= Halle-Sorau-Guben Railway Company =

Former German railway company

The Halle-Sorau-Guben Railway Company (Halle-Sorau-Gubener Eisenbahn-Gesellschaft (HSGE) was a private German railway company, which was founded in 1868 in Berlin. From 1872, its headquarters were in Halle an der Saale.

== History ==

The company was founded by Bethel Henry Strousberg. In the following years it built a network of railway lines in the former Prussian provinces of Brandenburg and Saxony. The first 38 km section from Guben to Cottbus was opened on 1 September 1871. It was extended by 79 km on 1 December 1871 to the west via Calau, Finsterwalde and Dobrilugk to Falkenberg/Elster. The following year saw the completion of additional main lines with a total length of 270 km. It was possible to run to the west from Falkenberg via Torgau to Eilenburg (46 km) from 1 May 1872 and a further 51 km via Delitzsch to Halle an der Saale from 30 June 1872.
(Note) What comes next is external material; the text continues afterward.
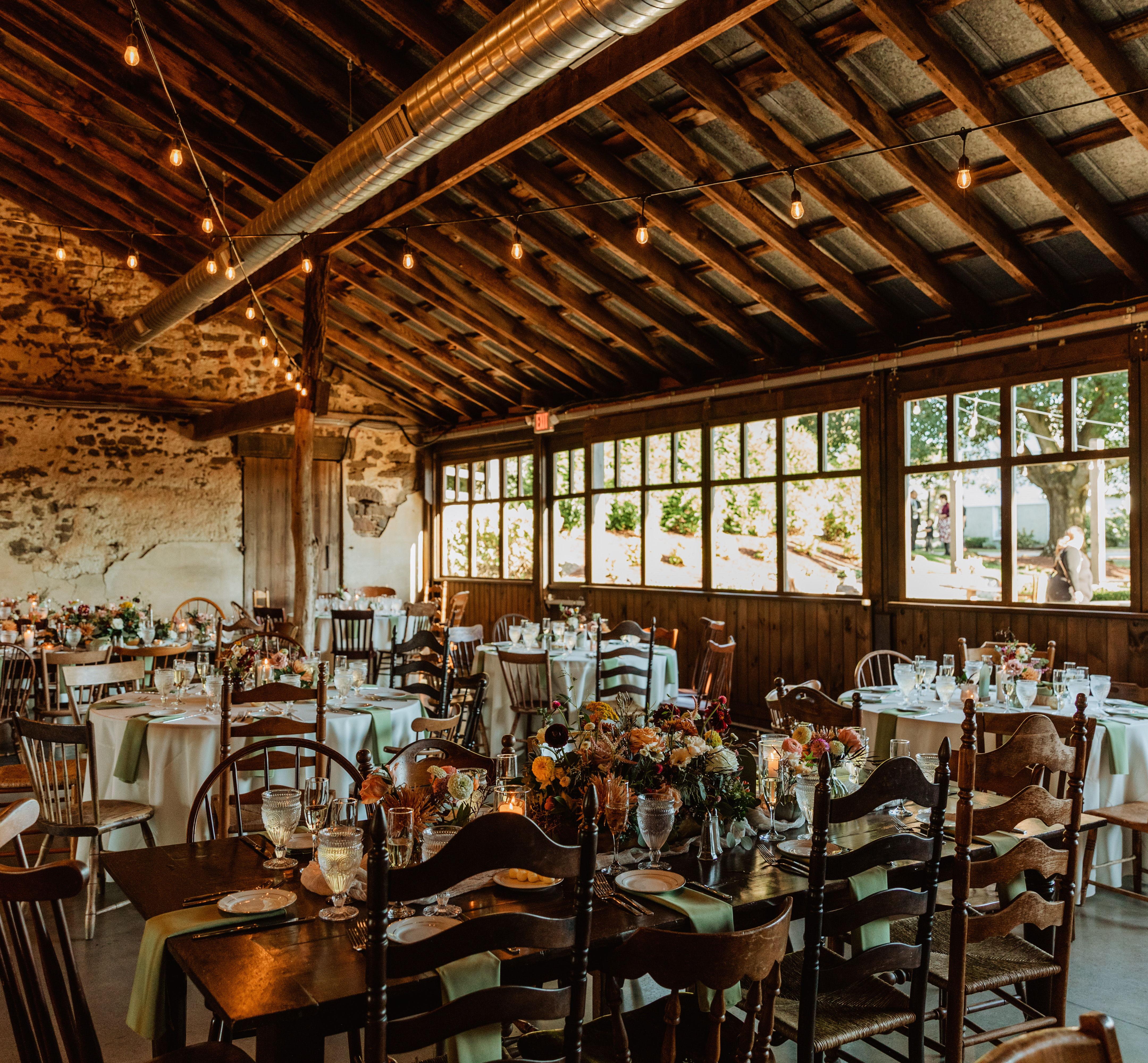 17th Century Stone Barn’s rustic beams & iron stone offers a romantic cocktail hour or intimate ceremony if the weather isn’t suitable for outdoors.

A new route was opened in an easterly direction from Cottbus to Forst (Lausitz) on 1 March 1872 and it was extended by 60 km over the Neisse to Sorau (now Żary in present-day Poland) from 30 June 1872.

A 24 km-long line was opened to connect with the trading centre of Leipzig on 1 November 1874 from Eilenburg via was Taucha in the Kingdom of Saxony. The HSGE network eventually comprised a network that was about 300 kilometres long. However, it was not possible to divert substantial traffic from the competing routes that had been built earlier, so its income fell short of expectations. Its management was transferred to the Prussian state railways on 1 January 1877 to increase efficiency and the HSGE was nationalised in 1885.

==The lines==

- Cottbus–Guben (opened on 1 September 1871)
- Cottbus–Sorau (opened on 30 June 1872)
- Falkenberg/Elster–Cottbus (opened on 1 December 1871)
- Halle–Eilenburg–Falkenberg/Elster (opened on 30 June 1872)
- Leipzig–Eilenburg (opened on 1 November 1874)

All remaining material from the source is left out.